The soaring price of oil is hitting French fisherman very hard. As in most fishing ports of France, in Sète, a major fishing ports on the Mediterranean, fishermen are voicing their anger, blocking access to the commercial port and sailors demonstrated in front of the Prefecture of Montpellier.

Since the beginning of the war in Ukraine, the cost of its tax-free fuel exploded, from only 90 cents in early February. In March 2021, the price of a liter of “fishing diesel” was only 45 cents and today it has risen to €1.10, the first time it has crossed the €1 mark. The bill for a full tank of diesel has doubled. The most dependent trawlers consume 1,500 to 2,000 liters of fuel per day at sea, so inevitably, the profitability of the boats is affected. For fishermen it is more like a nightmare. They invent exotic tricks to limit their fuel consumption, such as reducing the size of their nets.

The French government will give handouts (with taxpayers money) to allow companies and sailors to be paid while the ship remains at dock, as long as prices are unaffordable. This clearly is what the investment bankers call the “destruction of demand” and supposed in the medium term to bring oil prices down, but when?
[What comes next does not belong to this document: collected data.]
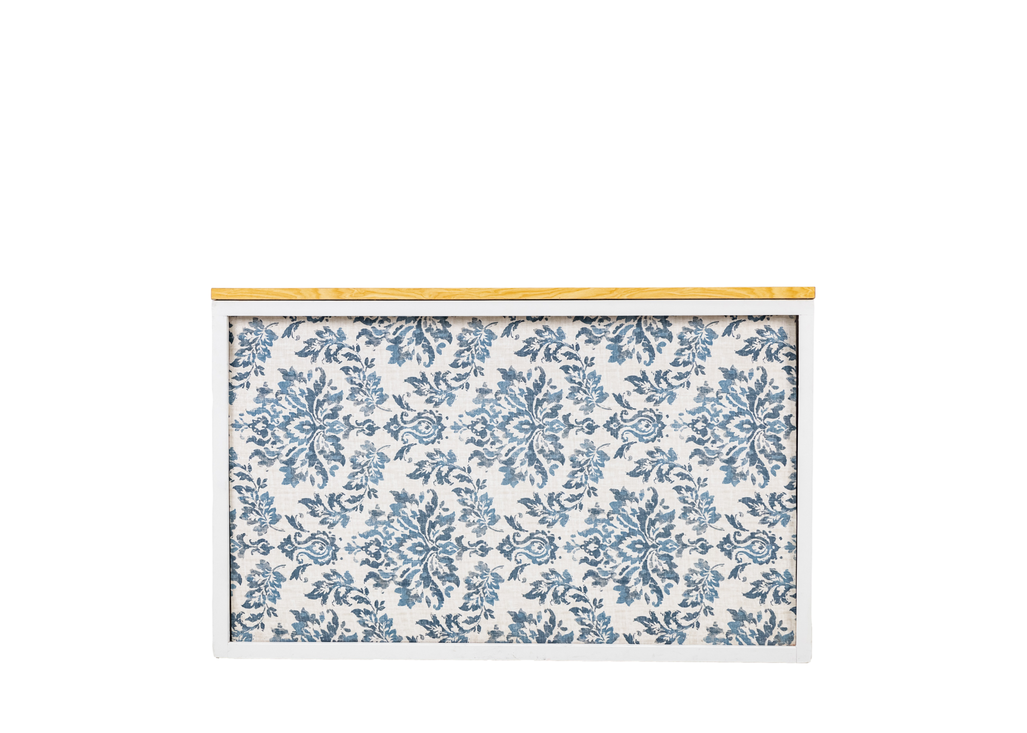Our most customizable piece yet! Our Shadowbox Bar is as functional as it is pretty! The front of this bar features a blue & white fabric insert sure to make a statement at your next event!
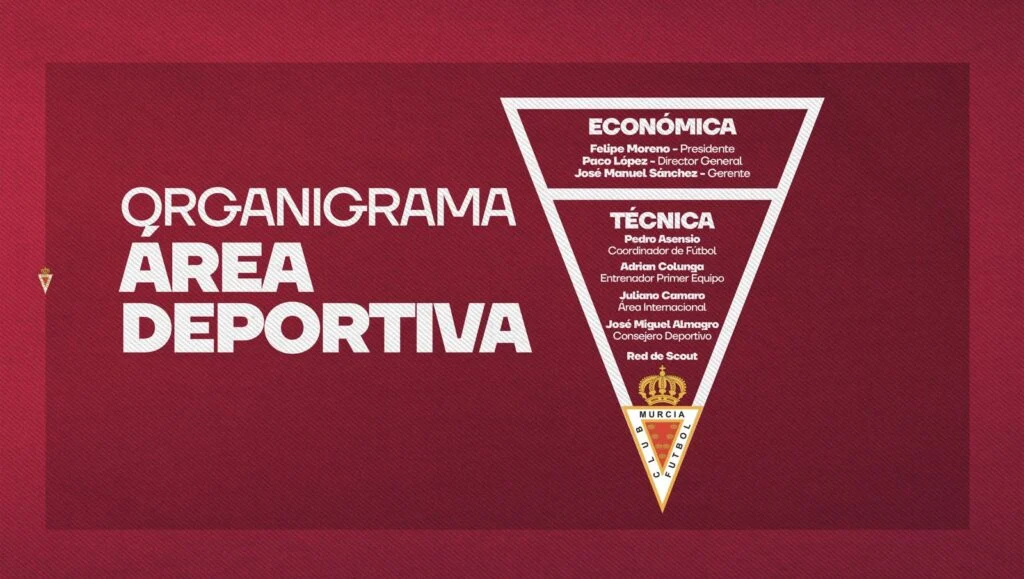 El Real Murcia C.F. ha dado a conocer la estructura completa de su Área Deportiva, un organigrama renovado que refuerza la coordinación, la planificación y el crecimiento deportivo del club en todas sus dimensiones. Esta reorganización consolida el modelo de trabajo impulsado por la entidad, basado en la profesionalización y en una gestión sólida tanto a nivel económico como técnico.
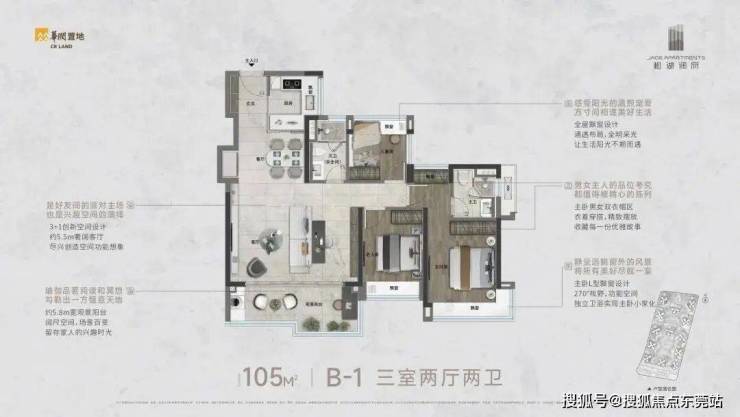 105㎡户型,在市面上普遍都是三房设计,而松湖润府做到了 3+1房,这样的全生命周期户型,让人很难拒绝。

“People should realize that when units go out to sea, they lose money. They spend more money on fuel than they earn in fish,” says Bertrand Venling, director of Sathoan, the organization of Sétois fishermen. Finally, the 92 trawlers in the Mediterranean have received a small boost. Each boat should receive between €1,400 and €2,500 for not sailing. The measure is a first for French trawlers in the Mediterranean.